It is still hard to believe that the hopes we have nurtured in the Christian anti-torture movement would come to fruition -- and so early, and so comprehensively, as they did with President Obama's executive orders yesterday.
My first article on the issue of torture was just about exactly three years ago, in the pages of Christianity Today. The Bush detainee policies had thrown off the moral gyroscopes of many people, perhaps especially evangelicals, with their so-often reflexive Republican and Bush loyalties. If President Bush had ordered or permitted something, it must be right. If anyone was opposed to it, they must be partisans, liberals, irrationalists, or heretics. CT wanted me to try to think through the issue biblically and theologically, and I did my best to do so. I argued that Christians could never support torture or cruelty in the name of national security. A few months later, Evangelicals for Human Rights was born as an organization, and later we produced "An Evangelical Declaration Against Torture," which helped change the terms of the debate and gained considerable mainstream evangelical support.
You would have thought we had argued that Jesus was not the Second Person of the Trinity from some of the criticism our work has received. A large number of evangelicals simply were unable to reflect on these issues in any coherently Christian way, so they just did ad hominem attacks. Others offered a defense or quasi-defense of torture (or, "enhanced interrogation techniques") in the name of Romans 13 and the just war theory. Some are still at it.
I wrote a paper recently in which I reviewed all of the various arguments made against the work of Evangelicals for Human Rights. I think that history will record how woefully un-Christian, how out of touch with anything approaching gospel values, that these arguments were. Not to put too fine a point on it, but I believe that some who carry the name of Christian teacher/minister/leader will face serious accounting before God for defending the cruel abuse of human beings made in God's image.
And I think that is the next stage of the torture fight: coming to grips, settling accounts, evaluating the religious, moral, and cultural meaning of the fact that not only did our government torture people, many Christians fully supported it. EHR and the National Religious Campaign Against Torture will continue to press for legislation codifying many of the principles and policies articulated yesterday by President Obama. We also support some kind of national inquiry, perhaps a Truth and Renunciation Committee, which will uncover everything that happened, and hear the voices of those who wrote the policies, implemented the policies, and suffered the policies. We need a total national repudiation of what occurred, and the development of a moral consensus in which we agree that national security will never again be purchased in this country at the cost of our 240-year-long rejection of torture and cruelty during wartime.

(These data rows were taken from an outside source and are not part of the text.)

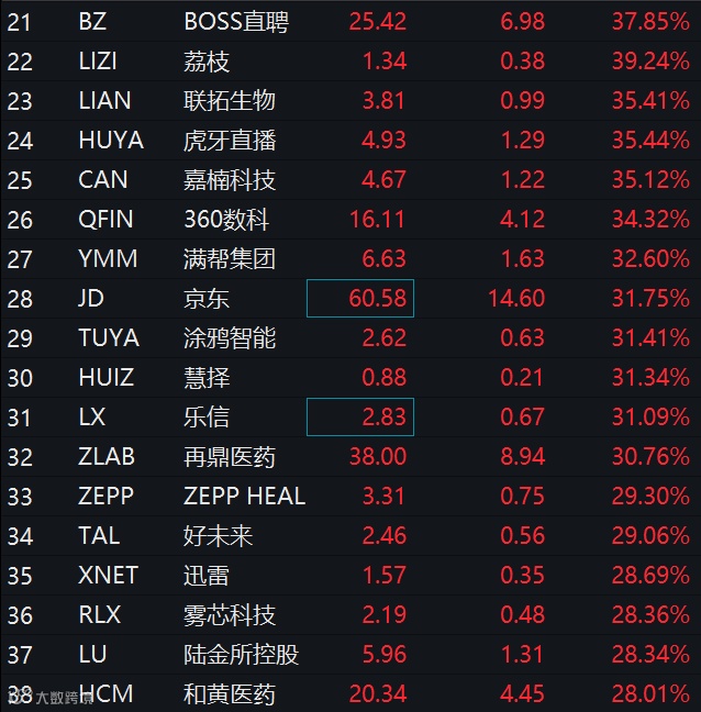 中国资产方面,富时A50指数期货上涨逾2%,纳斯达克金龙中国指数涨超22%。个股方面,截至23:30,房多多涨超102%,金山云涨超80%,贝壳涨逾60%,知乎涨超56%,爱奇艺涨近50%,拼多多涨超45%,滴滴出行涨超44%,哔哩哔哩涨超40%,京东、360数科等涨超30%,理想汽车、小鹏汽车、携程网等涨超27%,腾讯音乐、拜读、老虎证券、富途控股等涨超25%,阿里巴巴、蔚来、微博涨超20%。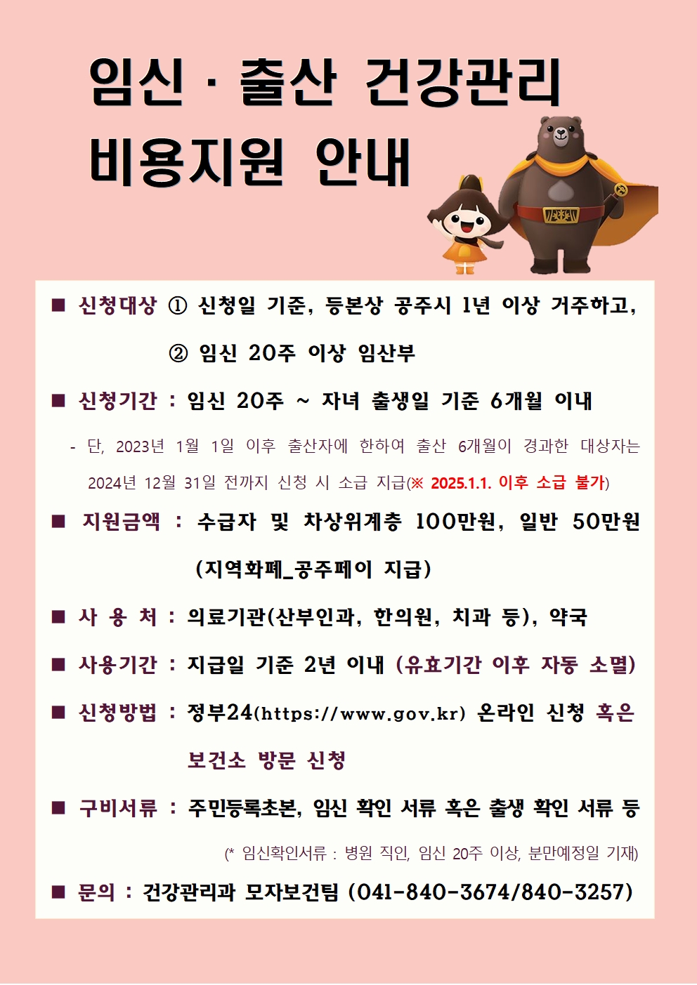 | 750 | 2024년 공주시 임신·출산 건강관리 비용지원 사업 안내 | 금학동 | 102 | 2024-11-14 | 안내문(임신출산건강관리비용지원).jpg |
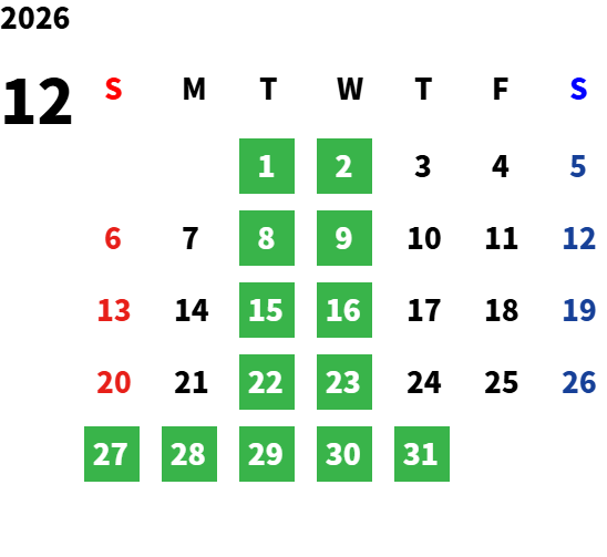 店舗定休日(店舗により定休日が異なります。各店舗ページのカレンダーにてご確認ください。)
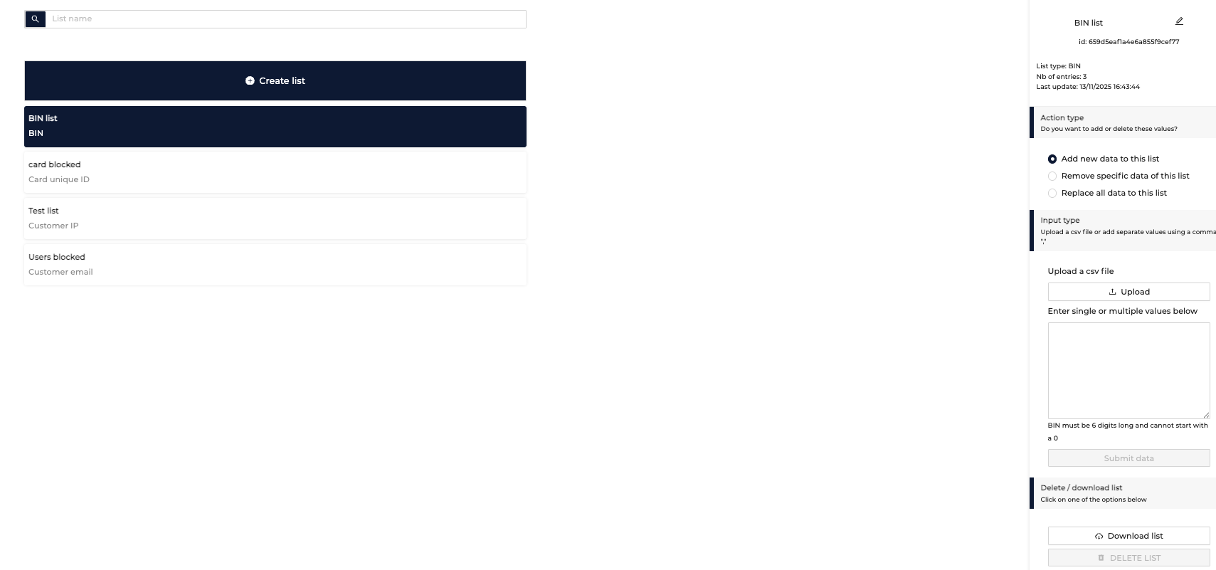- Flexible criteria - a list can include one of the following criteria: customer email addresses, card unique IDs, BINs, customer ID, customer IP, customer zip code, product SKU.
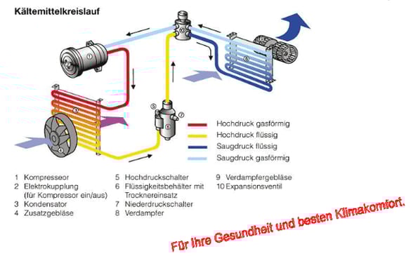 Jährlich gehen bis zu 15 % des Kältemittels aus dem System der Klimaanlage durch Schläuche und Verbindungselemente verloren. Dadurch lässt die Kühlleistung schon nach zwei bis drei Jahren spürbar nach. Sinkt die Füllmenge des Kältemittels und damit auch der Systemdruck unter einen bestimmten Wert, dann kann das Klimasystem erheblichen Schaden nehmen und löst somit die Notabschaltung der Anlage aus.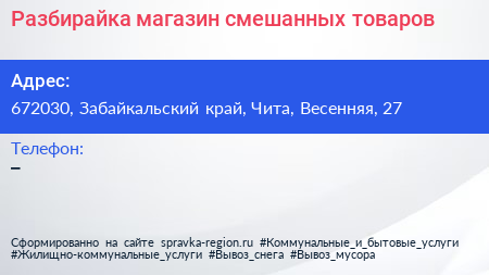 Разбирайка, магазин смешанных товаров по адресу 672030, Забайкальский край, Чита, Весенняя, 27 в дальнейшем Организация, размещена в следующих категориях: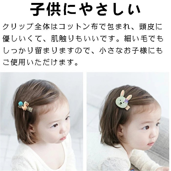 6.クリップ全体はコットン布で包まれ、頭皮に優しいくて、肌触りもいいです。細い毛でもしっかり留まりますので、小さなお子様にもご使用いただけます。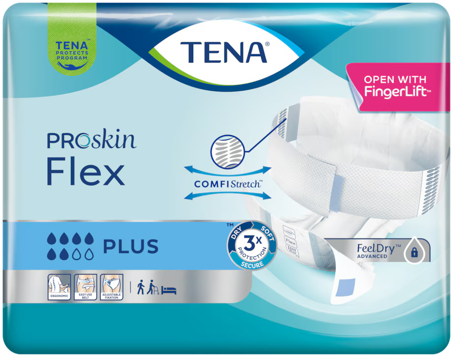 TENA Flex Plus är en revolutionerande bältesförsedd inkontinensprodukt designad med både användare och vårdpersonal i åtanke. Produkten erbjuder hög läckagesäkerhet och gör byten mer ergonomiska och smidiga. Det superabsorberande skyddet är perfekt för personer med svår inkontinens och hålls på plats med ett enkelt fästsystem. Det mjuka och elastiska COMFIStretch™-bältet anpassar sig efter olika kroppsformer, sitter säkert och bekvämt och ger ett utmärkt läckageskydd.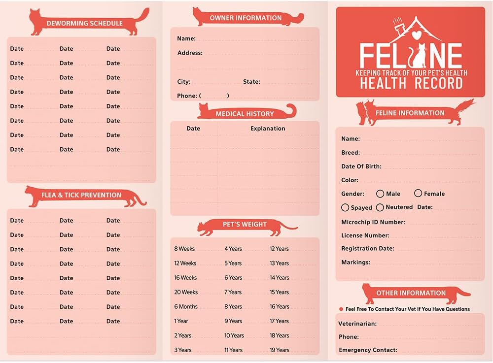 [Function] The 24 Bulk Pack Kitten record is suitable for vet offices, breeders, and pet owners to track feline immunization records, deworming schedules, weight logs, vet appointments, medical history, and pet information (breed, age, gender, owner contact).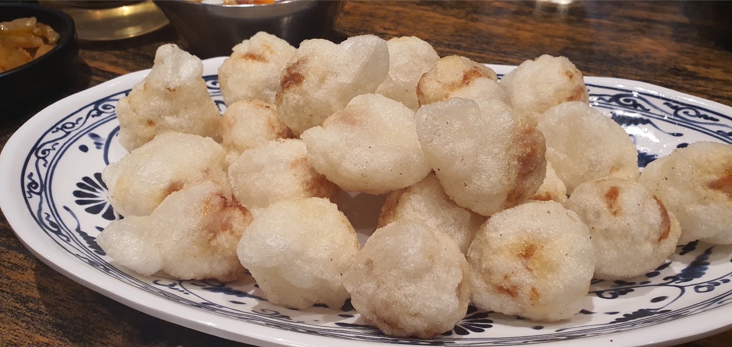이 탕수육은 특이한게 동그랗게 생겼습니다.
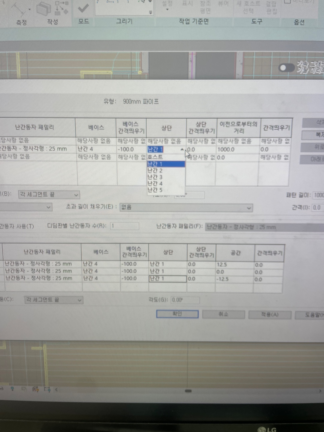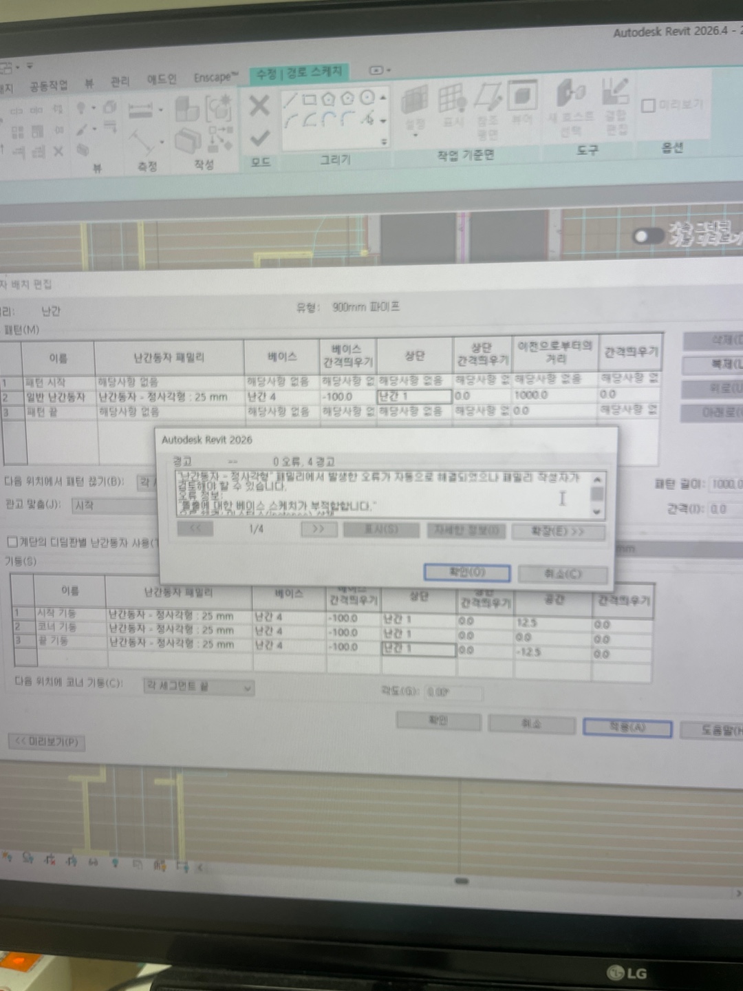 22강 경사로 및 난간 모델링을 보고 작업하였는데, 교제 p215 22번 난간동자 배치편집에서 상단 난간이 나오지 않고, 수정을 누르면 이상한 오류가 뜨고 난간수정이 되지 않습니다.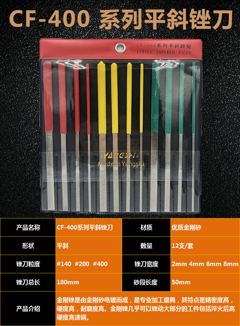 Diamond Flat Slanted Filing Knife CF-400 Diamond Sand Filing Knife Hard Alloy Steel Filing Knife Large Flat Inclined Filing Knife Suit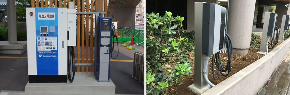 設置例:大型マンションへの普通充電器の設置、某大手カーディーラー様の急速充電設備、外資車メーカー様の急速充電インフラ設備の構築等

That's what needs to happen in Washington. But much needs to happen in the churches, parachurch organizations, and educational institutions bearing the name of Jesus Christ. We need ministers, professors, and organization heads to reflect on what it means that over half of evangelical Christians supported the use of torture even as late as summer 2008. We need them to think about their silence amidst this long-running national debate, and even in some cases their active, public support for extremes of mental and physical cruelty toward those in our custody.
Yes, as critics never tired of saying, there is plenty of torture in other parts of the world. Yes, much of it is worse than what our nation did. Yes, there is plenty of need to protest the torture that goes on elsewhere. But we live here. This is our country. This was done in our name. This was authorized by our leaders at the highest level. And most Christians were fine with it. THAT is our problem, and it's a big one.
Dr. David P. Gushee, is the Distinguished University Professor of Christian Ethics at Mercer University and president of Evangelicals for Human Rights.